Records for the task:
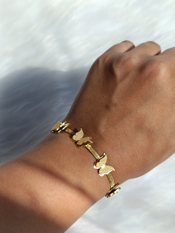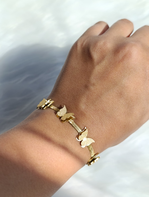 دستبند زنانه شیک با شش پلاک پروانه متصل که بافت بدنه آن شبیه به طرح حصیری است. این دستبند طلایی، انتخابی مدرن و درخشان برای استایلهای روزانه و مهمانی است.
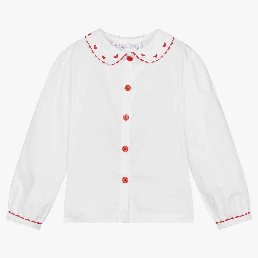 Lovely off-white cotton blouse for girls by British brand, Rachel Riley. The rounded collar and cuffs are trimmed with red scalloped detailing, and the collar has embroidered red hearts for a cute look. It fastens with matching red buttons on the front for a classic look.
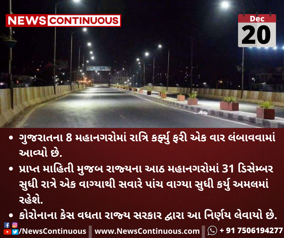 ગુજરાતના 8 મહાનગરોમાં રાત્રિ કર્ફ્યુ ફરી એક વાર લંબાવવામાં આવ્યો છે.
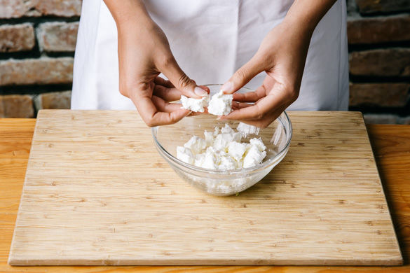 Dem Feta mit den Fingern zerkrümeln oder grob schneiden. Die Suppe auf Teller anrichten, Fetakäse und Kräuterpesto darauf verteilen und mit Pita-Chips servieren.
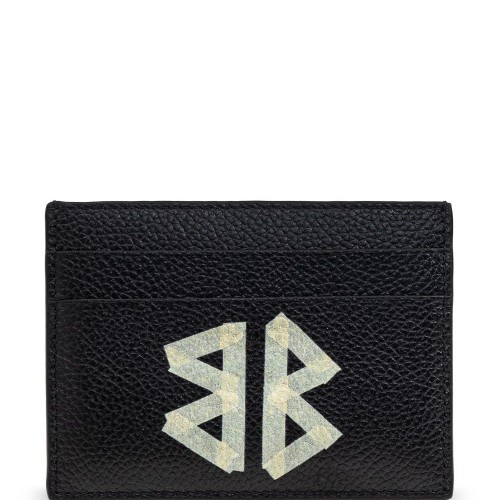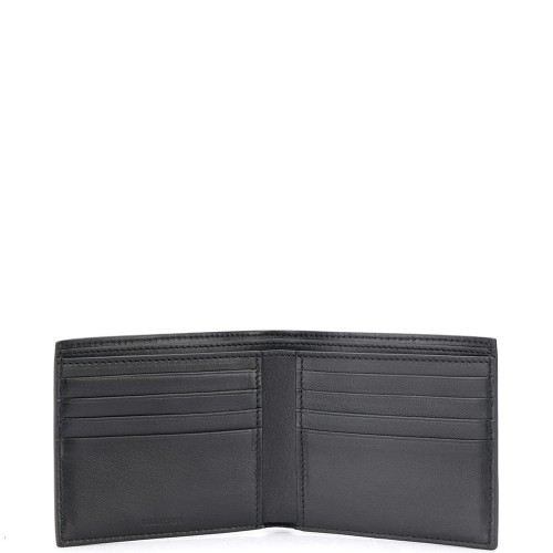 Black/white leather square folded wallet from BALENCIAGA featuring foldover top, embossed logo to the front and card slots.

Instructions for the task:
Your answer must consist solely of the lines from the one containing "ગુજરાતના 8 મહાનગરોમાં" through the last line of the records above, copied exactly, with every picture left out.

Task result:
 ગુજરાતના 8 મહાનગરોમાં રાત્રિ કર્ફ્યુ ફરી એક વાર લંબાવવામાં આવ્યો છે.
 Dem Feta mit den Fingern zerkrümeln oder grob schneiden. Die Suppe auf Teller anrichten, Fetakäse und Kräuterpesto darauf verteilen und mit Pita-Chips servieren.
 Black/white leather square folded wallet from BALENCIAGA featuring foldover top, embossed logo to the front and card slots.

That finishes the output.